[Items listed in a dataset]
== Segment start ==

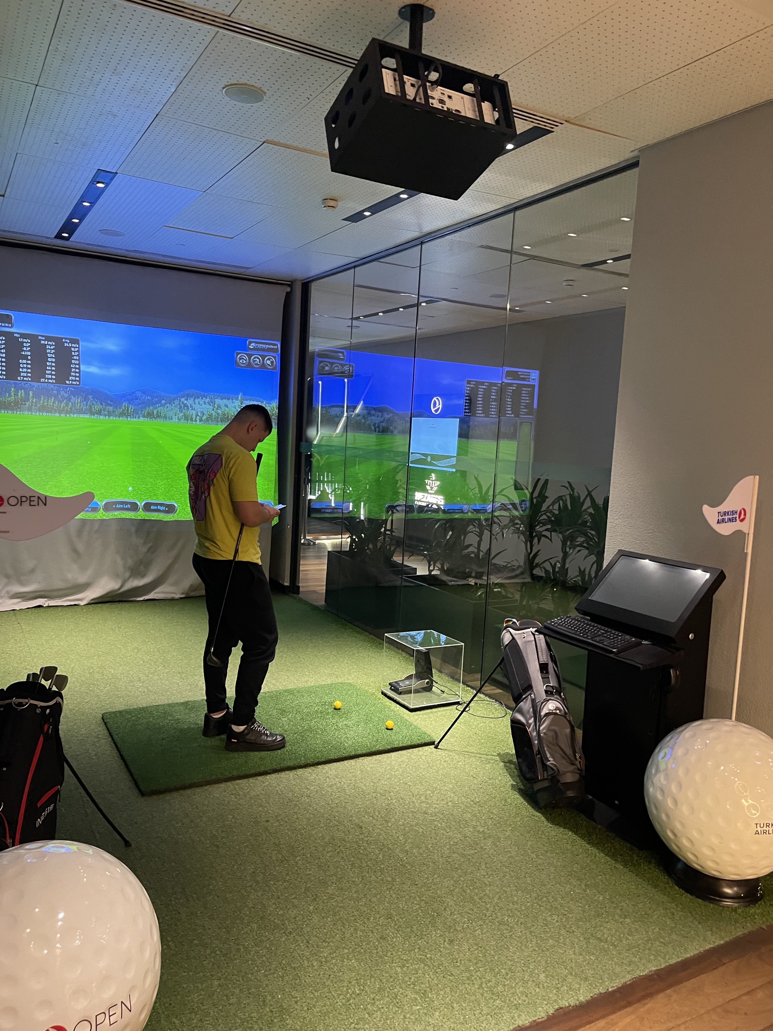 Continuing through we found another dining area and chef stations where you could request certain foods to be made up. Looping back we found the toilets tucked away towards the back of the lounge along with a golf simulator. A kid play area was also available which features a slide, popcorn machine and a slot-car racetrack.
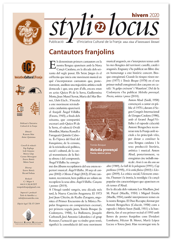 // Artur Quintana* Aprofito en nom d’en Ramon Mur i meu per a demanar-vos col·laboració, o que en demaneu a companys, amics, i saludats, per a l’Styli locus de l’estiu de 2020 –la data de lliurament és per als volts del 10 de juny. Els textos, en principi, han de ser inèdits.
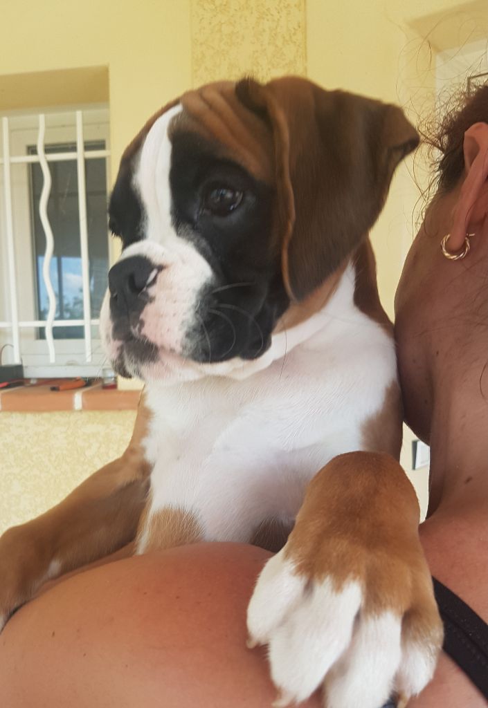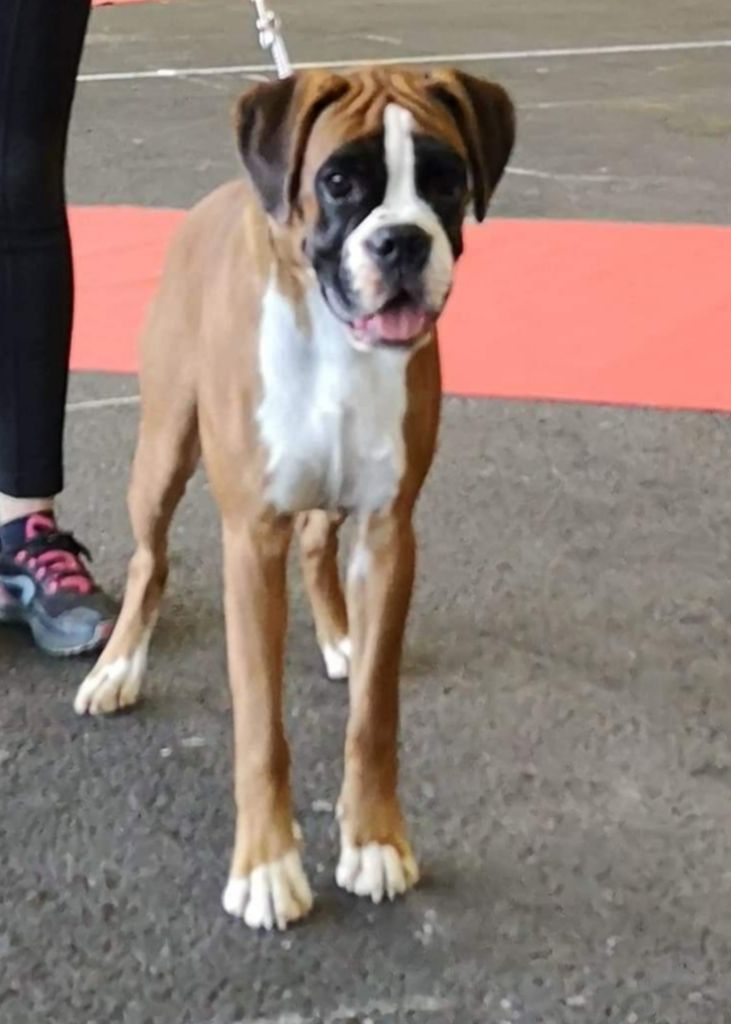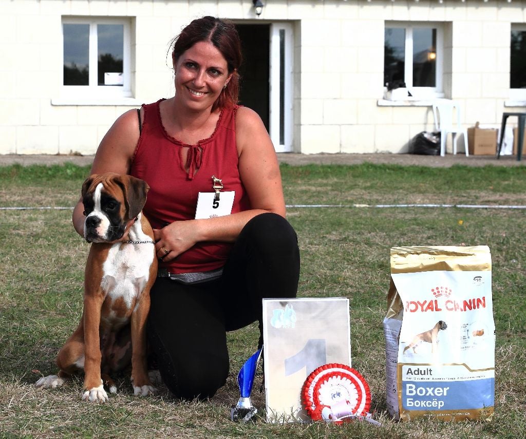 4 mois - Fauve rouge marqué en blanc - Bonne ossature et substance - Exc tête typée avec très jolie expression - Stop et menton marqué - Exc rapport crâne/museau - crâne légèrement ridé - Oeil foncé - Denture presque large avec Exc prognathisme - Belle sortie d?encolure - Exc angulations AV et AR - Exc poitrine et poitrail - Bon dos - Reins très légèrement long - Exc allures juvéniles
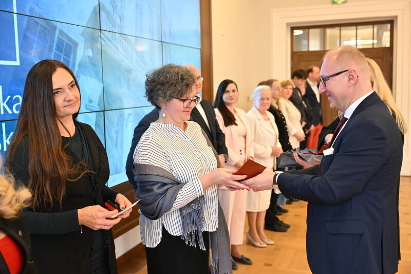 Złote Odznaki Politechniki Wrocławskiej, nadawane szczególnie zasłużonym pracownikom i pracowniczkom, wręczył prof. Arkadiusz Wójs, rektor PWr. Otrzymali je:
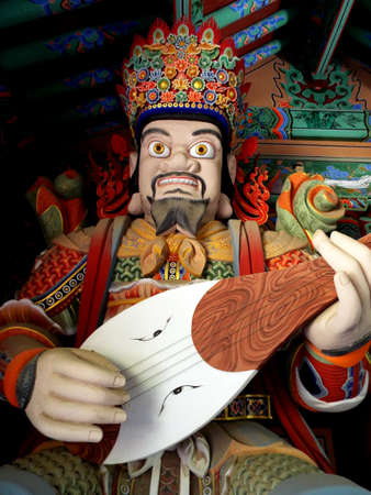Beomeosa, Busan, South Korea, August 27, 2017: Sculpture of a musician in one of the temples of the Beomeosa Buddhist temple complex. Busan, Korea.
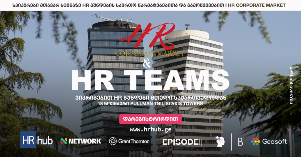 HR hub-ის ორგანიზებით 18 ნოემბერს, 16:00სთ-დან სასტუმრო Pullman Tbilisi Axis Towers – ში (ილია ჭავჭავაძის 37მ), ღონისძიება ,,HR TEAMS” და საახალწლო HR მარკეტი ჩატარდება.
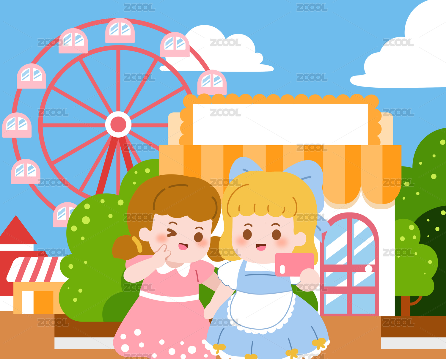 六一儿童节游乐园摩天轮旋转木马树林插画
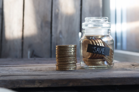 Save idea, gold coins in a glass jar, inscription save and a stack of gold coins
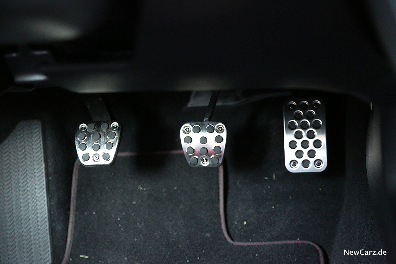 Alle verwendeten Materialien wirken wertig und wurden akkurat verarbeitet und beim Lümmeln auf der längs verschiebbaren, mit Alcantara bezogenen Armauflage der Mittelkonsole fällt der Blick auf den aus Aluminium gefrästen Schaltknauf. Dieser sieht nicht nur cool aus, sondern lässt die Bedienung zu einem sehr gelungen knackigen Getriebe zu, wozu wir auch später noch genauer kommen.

== Segment end ==

Reproduce each entry exactly, without the pictures.

Solution to the exercise:
 Continuing through we found another dining area and chef stations where you could request certain foods to be made up. Looping back we found the toilets tucked away towards the back of the lounge along with a golf simulator. A kid play area was also available which features a slide, popcorn machine and a slot-car racetrack.
 // Artur Quintana* Aprofito en nom d’en Ramon Mur i meu per a demanar-vos col·laboració, o que en demaneu a companys, amics, i saludats, per a l’Styli locus de l’estiu de 2020 –la data de lliurament és per als volts del 10 de juny. Els textos, en principi, han de ser inèdits.
 4 mois - Fauve rouge marqué en blanc - Bonne ossature et substance - Exc tête typée avec très jolie expression - Stop et menton marqué - Exc rapport crâne/museau - crâne légèrement ridé - Oeil foncé - Denture presque large avec Exc prognathisme - Belle sortie d?encolure - Exc angulations AV et AR - Exc poitrine et poitrail - Bon dos - Reins très légèrement long - Exc allures juvéniles
 Złote Odznaki Politechniki Wrocławskiej, nadawane szczególnie zasłużonym pracownikom i pracowniczkom, wręczył prof. Arkadiusz Wójs, rektor PWr. Otrzymali je:
Beomeosa, Busan, South Korea, August 27, 2017: Sculpture of a musician in one of the temples of the Beomeosa Buddhist temple complex. Busan, Korea.
 HR hub-ის ორგანიზებით 18 ნოემბერს, 16:00სთ-დან სასტუმრო Pullman Tbilisi Axis Towers – ში (ილია ჭავჭავაძის 37მ), ღონისძიება ,,HR TEAMS” და საახალწლო HR მარკეტი ჩატარდება.
 六一儿童节游乐园摩天轮旋转木马树林插画
 Save idea, gold coins in a glass jar, inscription save and a stack of gold coins
 Alle verwendeten Materialien wirken wertig und wurden akkurat verarbeitet und beim Lümmeln auf der längs verschiebbaren, mit Alcantara bezogenen Armauflage der Mittelkonsole fällt der Blick auf den aus Aluminium gefrästen Schaltknauf. Dieser sieht nicht nur cool aus, sondern lässt die Bedienung zu einem sehr gelungen knackigen Getriebe zu, wozu wir auch später noch genauer kommen.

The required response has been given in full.